(WHAT IS EXPECTED) Omit all pictures and transcribe only the lines in the entries below that run from the line with "LocalDB에 연결하기 위해서 서버 이름에 다음과 같이 입력합니다." through the line with "Voltage values were".

(AVAILABLE DATA)
------------------------------------------------------------------------

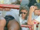 A pranzo in un clima di allegria e serenità Giulia Michelini ride e scherza con il figlio Cosimo e con un amico, apparentemente "di famiglia", Primo Reggiani, ex di Martina Stella. In un momento di euforia l'attrice si scompone un po', poi si riaggiusta la gonna, quanto basta per mettere in scena un siparietto molto piccante.
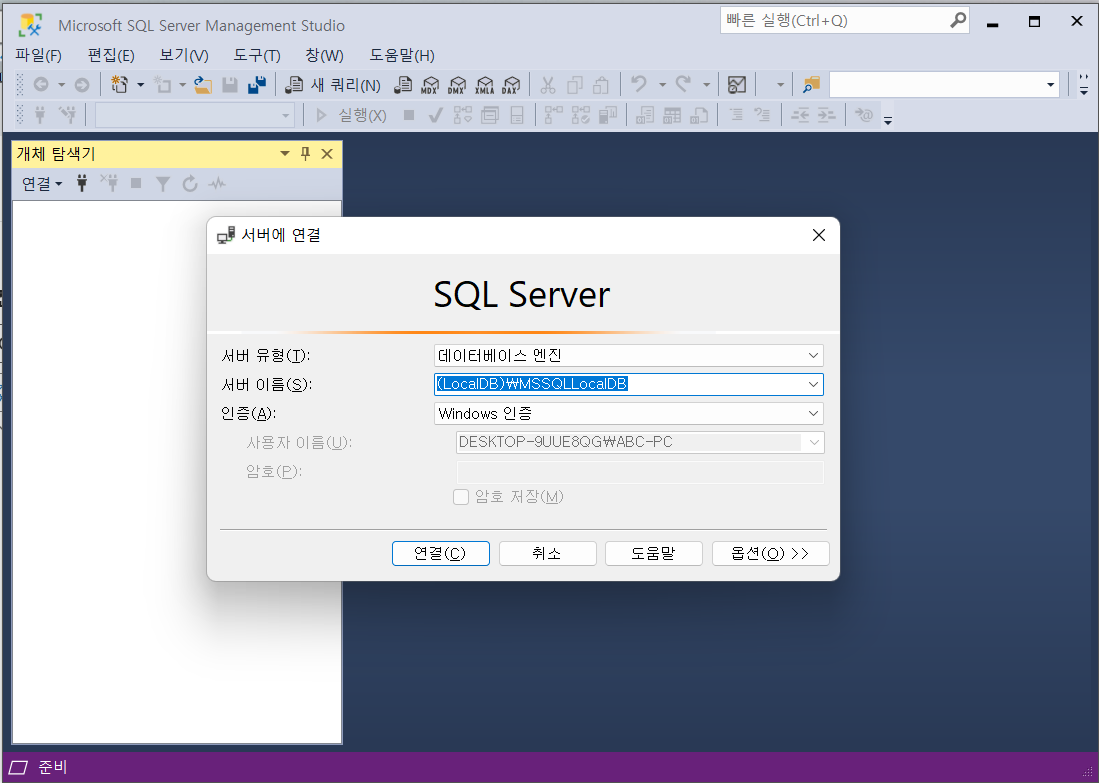 LocalDB에 연결하기 위해서 서버 이름에 다음과 같이 입력합니다.
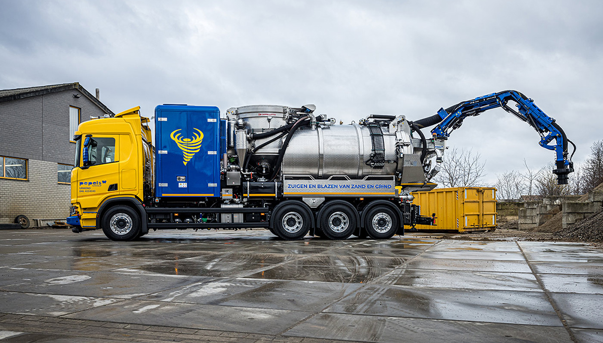 URMOND - Pepels uit Urmond heeft onlangs een bijzondere Scania R500 8x4 XT met een ruime R17 dagcabine met een hoog dak in gebruik genomen. Op het verzwaarde bakwagenchassis staat een Cappellotto vacuüm zuig/blaas installatie waarmee Pepels in staat is, niet alleen grond, zand en grind, maar ook water op te zuigen. Ook kan er met deze installatie stoffen als zand en grind teruggeblazen worden. Bijzonder is ook dat het voertuig zelfrijdend is en radiografisch op afstand bestuurd kan worden.
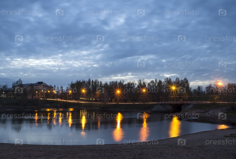 Городской мост через речку ночью
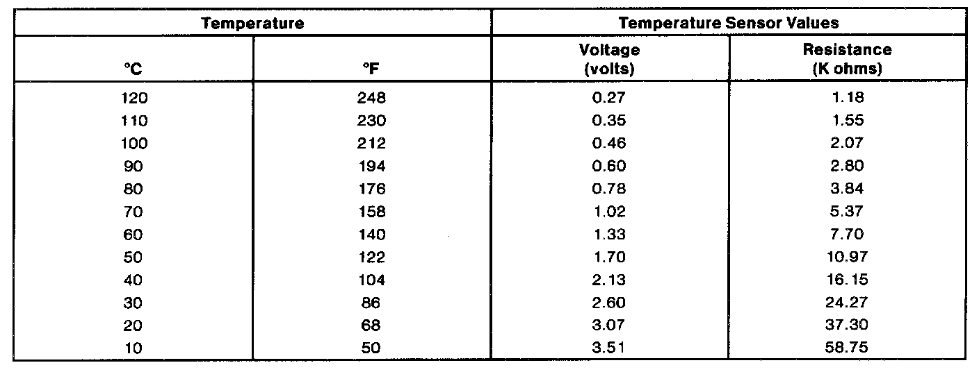 Voltage values were calculated for VREF = 5.0 volts. These values can vary 15 percent due to sensor and VREF variations.
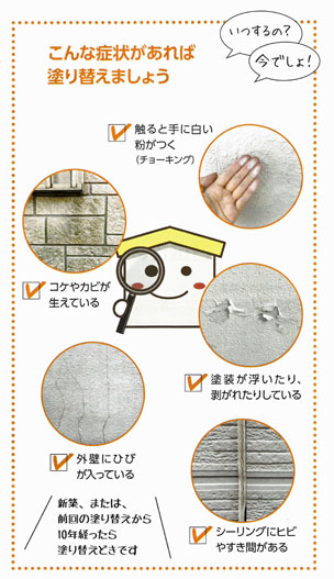 外壁は10年毎に塗替えるのが一般的とされていますが、外壁の種類や状態、住まいの環境よっては、もっと早く塗り替えが必要になることもあります。
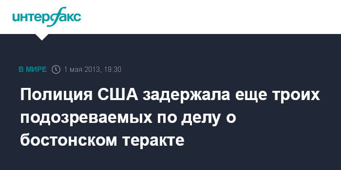 Вашингтон. 1 мая. ИНТЕРФАКС - Полиция Бостона объявила в среду о задержании еще троих подозреваемых в рамках расследования произошедшего недавно теракта на городском марафоне.
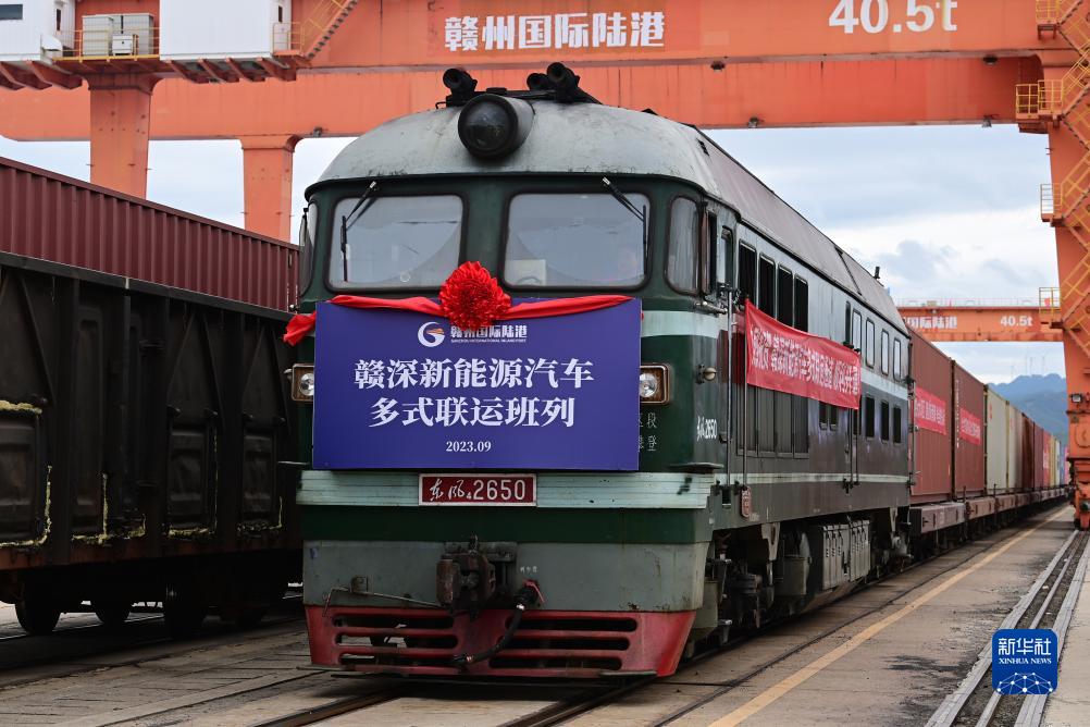 9月13日,在江西贛州國際陸港,贛深新能源汽車(chē)多式聯(lián)運專(zhuān)列準備啟程開(kāi)往深圳鹽田港。

------------------------------------------------------------------------

(RESPONSE TO THE TASK)
 LocalDB에 연결하기 위해서 서버 이름에 다음과 같이 입력합니다.
 URMOND - Pepels uit Urmond heeft onlangs een bijzondere Scania R500 8x4 XT met een ruime R17 dagcabine met een hoog dak in gebruik genomen. Op het verzwaarde bakwagenchassis staat een Cappellotto vacuüm zuig/blaas installatie waarmee Pepels in staat is, niet alleen grond, zand en grind, maar ook water op te zuigen. Ook kan er met deze installatie stoffen als zand en grind teruggeblazen worden. Bijzonder is ook dat het voertuig zelfrijdend is en radiografisch op afstand bestuurd kan worden.
 Городской мост через речку ночью
 Voltage values were calculated for VREF = 5.0 volts. These values can vary 15 percent due to sensor and VREF variations.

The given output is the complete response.